• EXERCISE: Images aside, the whole listing should be written out word for word.

• DATA SECTION:
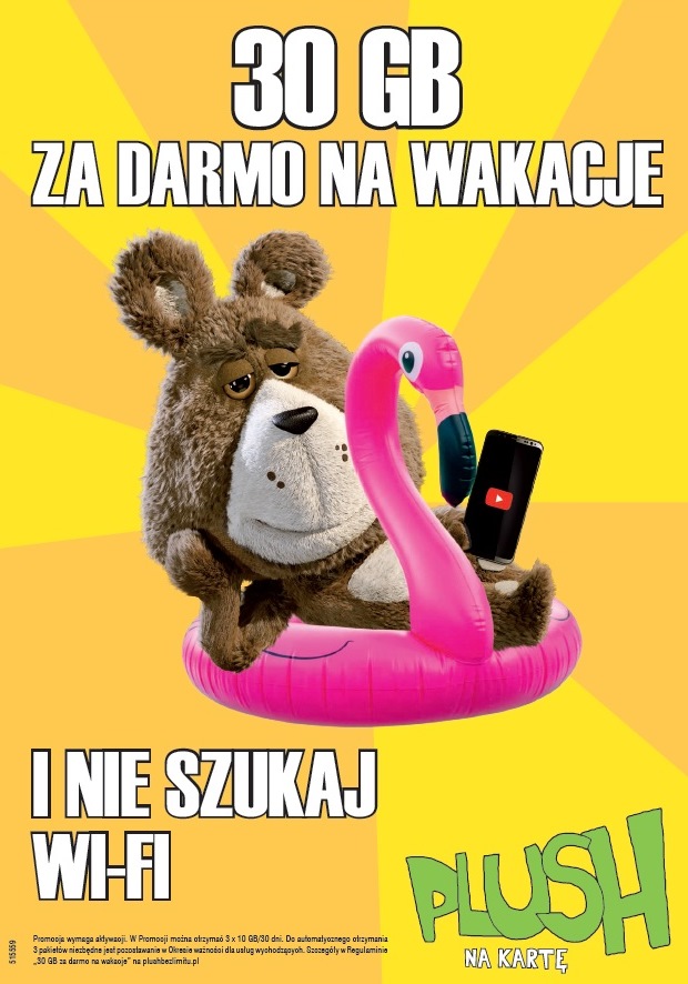 Promocja „30 GB na wakacje za darmo” obowiązuje od 10 czerwca do 10 września 2019 r, a więcej informacji można znaleźć na www.plushbezlimitu.pl.
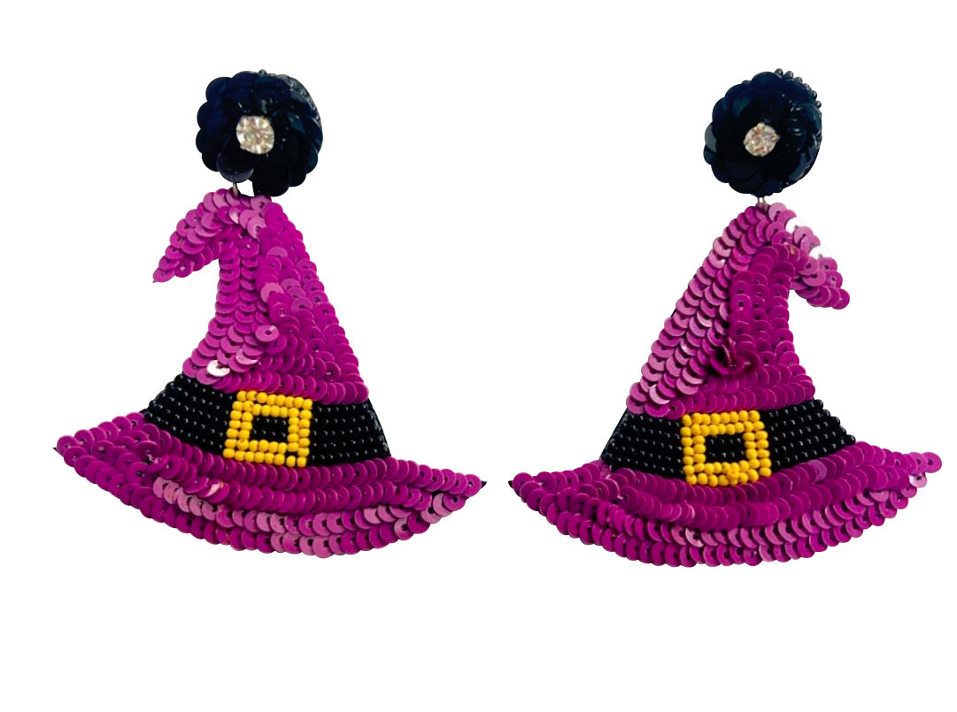 How cute are these Witch Hats? Super fun and festive to wear for Halloween Season. Embellished with purple and black sequins with a small rhinestone detail!
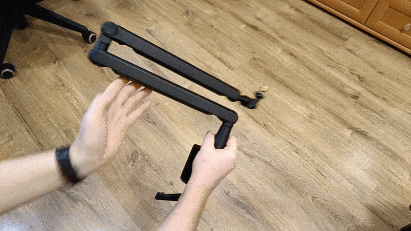 Главная достоинство данного пантографа заключается в том, что он не поднимается высоко над столом, а остаётся на уровне столешницы, не перекрывая обзор монитора и не загораживая собой или микрофоном лицо пользователя во время видеозвонков или стримов.
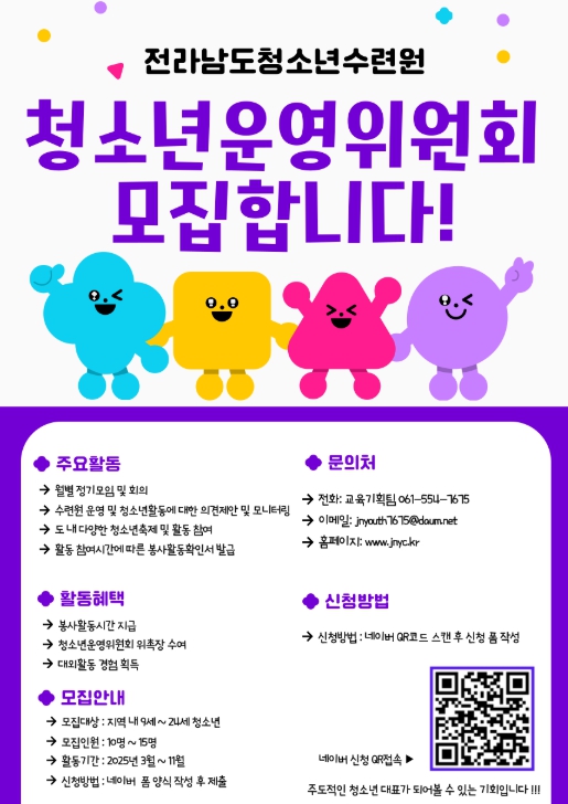 자세한 사항은 전라남도청소년수련원 교육기획팀로 문의하면 된다

• RESPONSE:
 Promocja „30 GB na wakacje za darmo” obowiązuje od 10 czerwca do 10 września 2019 r, a więcej informacji można znaleźć na www.plushbezlimitu.pl.
 How cute are these Witch Hats? Super fun and festive to wear for Halloween Season. Embellished with purple and black sequins with a small rhinestone detail!
 Главная достоинство данного пантографа заключается в том, что он не поднимается высоко над столом, а остаётся на уровне столешницы, не перекрывая обзор монитора и не загораживая собой или микрофоном лицо пользователя во время видеозвонков или стримов.
 자세한 사항은 전라남도청소년수련원 교육기획팀로 문의하면 된다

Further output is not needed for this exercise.